As always this time of year, there are boatloads of stories about callous toy manufacturers insisting that U.S. children have available to them playthings that might harm or kill them. (See, e.g., surveys from the consumer group PIRG and from the American Association for Justice.) Just the morning, the Today Show devoted an entire segment to Consumer Product Safety Commission and federal law enforcement efforts to keep unsafe toys from getting onto shelves at Wal Mart and other retailers, and into the tiny hands – and stomachs- of our nation’s kids. (See below.)
But what’s been interesting this year is that in addition to toy safety stories, there have been a number of stories focusing on worker conditions at retail outlets - and even more sadly, on the hazardous overseas plants supplying U.S. consumers with cheap goods. Let’s start with this country.
You may have heard about the 100-city Thanksgiving Day and Black Friday Wal Mart strike prompted by working conditions, including forcing workers to work Thanksgiving Day. In addition, there’s an article today in The Recorder about class-actions against Wal Mart and K-Mart by cashiers who have been denied “suitable seating”, in violation of California law. This week, the Ninth Circuit Court of Appeals “agreed to review class certification of roughly 22,000 Wal-Mart cashiers in California who claim they were denied a place to sit in violation of state labor regulations.… Meanwhile, U.S. District Judge William Alsup concluded a bench trial last week in a similar case against Kmart Corp. That case focused on 65 cashiers employed by one Kmart store in the Central Valley city of Tulare and maximum penalties of less than $500,000.”
But when it comes to tales of outright calamity and heartbreak, nothing comes close this holiday season to the fire last week at a Bangladesh clothing factory, which killed 112 people as 1,400 workers (70% women) were trapped inside a building with locked doors and no emergency exists:
An Associated Press reporter at the factory discovered children's shorts with Wal-Mart's Faded Glory label, hooded sweat shirts emblazoned with Disney cartoons, shorts with hip-hop star Sean Combs' ENYCE tag, and sweaters from the French company Teddy Smith and the Scottish company Edinburgh Woollen Mill.
Sears was among the companies listed in the account books. Wal-Mart said it received a safety audit that showed the factory was "high-risk" and had decided well before the blaze to stop doing business with Tazreen. But it said a supplier had continued to use Tazreen without authorization. The retailer said it stopped doing business with the supplier Monday. Sears said it learned after the blaze that its merchandise was being produced there without its approval through a vendor that has since been fired.
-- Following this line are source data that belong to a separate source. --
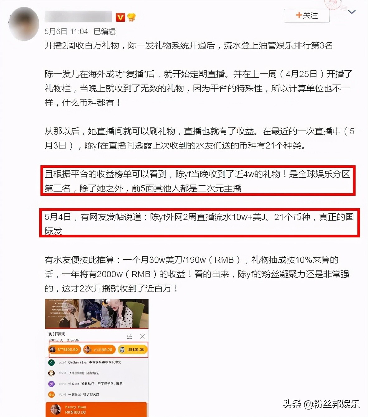 而近日陈一发再次直播后,有网友统计出了她的直播收入情况。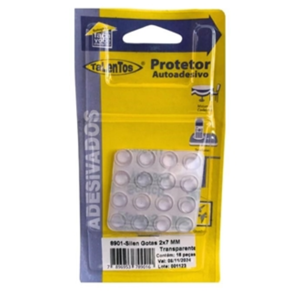 O Protetor para Móveis SILEN GOTAS 2X7 TRASNPARENTE 8901 TALENTOS 799114 é a solução ideal para quem busca evitar riscos, marcas e ruídos indesejados. Com um design de gotas circulares e cor transparente, estes protetores autoadesivos se integram discretamente a qualquer ambiente, oferecendo uma barreira protetora para uma vasta gama de aplicações. Fabricados com material resistente, como silicone ou PVC de alta qualidade, os SILEN GOTAS são perfeitos para serem aplicados em pés de cadeiras, mesas, eletrodomésticos, vasos, objetos de decoração e até mesmo para proteger paredes contra impactos de portas. Sua funcionalidade anti-risco e amortecedora prolonga a vida útil dos seus bens e mantém a estética do seu lar ou escritório impecável.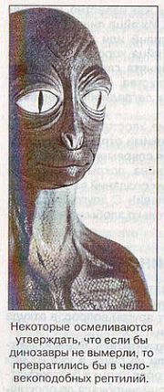 Некоторые осмеливаются утверждать, что если бы динозавры не вымерли, то превратились бы в человекоподобных рептилий.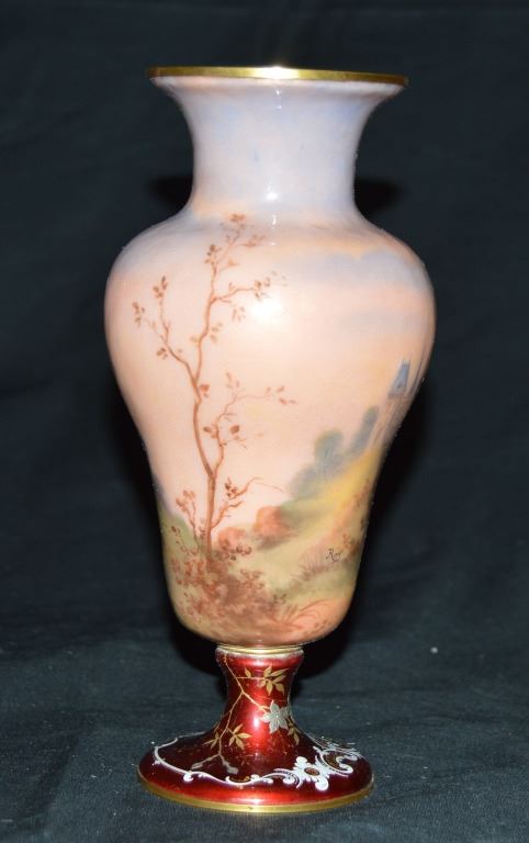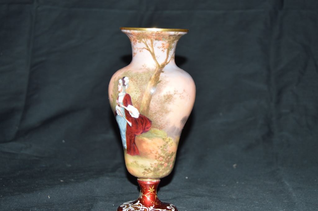 Enamel Setting Lady Vases Antique French Gilt Metal Mounted And Hand-painted Enamel Vase. It Has Been Beautifully Hand-painted In Rococo Style. The 18th Century Figure Of A Seated Noblesse Uterine Is Depicted In A Landscape. The Circular Base Of Red Enamel Has A Raised Painted Floral Design. The Interior Has Been Gold Gilded. Signed By Artist, Roy. Excellent Workmanship And Condition Overall. The Mount Is Not Hallmarked As Is Often The Case. It Is Gilt Metal Or Possibly Silver (not Tested). By Style The Vase Would Typically Be From The French City Of Limoges, Renowned For Its Enameled Pieces. France Circa Early 1880- Height 8 ½"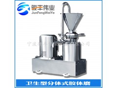 本机分立式、卧式、分体等各种规格。其主机部份由壳体、动磨片、静磨片、调节机构、冷却机构、机械密封、电机等组成。其主要零件均采用不锈钢制造,耐腐蚀,无毒。使用单位可依不同物料特性,生产效率,不同用途,选用不同规格型号的胶体磨,使之达到良好的效果。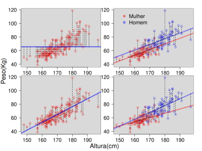 Nesse exemplo estamos interessados em entender a influência de altura e sexo no peso dos indivíduos. Neste caso temos alguns modelos plausíveis concorrentes que iremos nomear como:

Walt Disney Co., which licenses its characters to clothing makers, said its records indicate that none of its licensees have been permitted to make Disney-brand products at the factory for at least a year.
Harold Meyerson at the Washington Post wrote of the fire and these corporate excuses in a poignant column:
In its gruesome particulars — locked doors, no emergency exits, workers leaping to their deaths — the blaze seems a ghastly centennial reenactment of the Triangle Shirtwaist fire of 1911, when 146 workers similarly jumped to their deaths or were incinerated after they found the exit doors were locked. …
If this were an isolated incident of Wal-Mart denying responsibility for the conditions under which the people who make and move its products labor, then the Bangladeshi disaster wouldn’t reflect quite so badly on the company. But the very essence of the Wal-Mart system is to employ thousands upon thousands of workers through contractors and subcontractors and sub-subcontractors, who are compelled by Wal-Mart’s market power and its demand for low prices to cut corners and skimp on safety. And because Wal-Mart isn’t the employer of record for these workers, the company can disavow responsibility for their conditions of work.
This system isn’t reserved just for workers in faraway lands: Tens of thousands of American workers labor under similar arrangements. Many are employed at little more than the minimum wage in the massive warehouses in the inland exurbs of Los Angeles, where Wal-Mart’s imports from Asia are trucked from the city’s harbor to be sorted and packaged and put on the trucks and trains that take them to Wal-Mart stores for a thousand miles around. …
Other discount retailers — notably Costco and Trader Joe’s — pay their workers far more, train them more extensively, have much lower rates of turnover and much higher rates of sales per employee, according to a Harvard Business Review article by Zeynep Ton of the MIT Sloan School of Management. Costco is a very profitable business, but Wal-Mart maintains an even higher profit margin, which it achieves by underpaying its employees. The conservative economic blogger Megan McArdle estimates that if Wal-Mart held its profit margin down to Costco’s level, its average worker would make about $2,850 more each year — a considerable increase in a sector where workers’ earnings average less than $25,000 a year. But Wal-Mart neither pays its own nor takes responsibility for those who make and move its wares.
For America’s largest private-sector employer, the emergency exits are always open.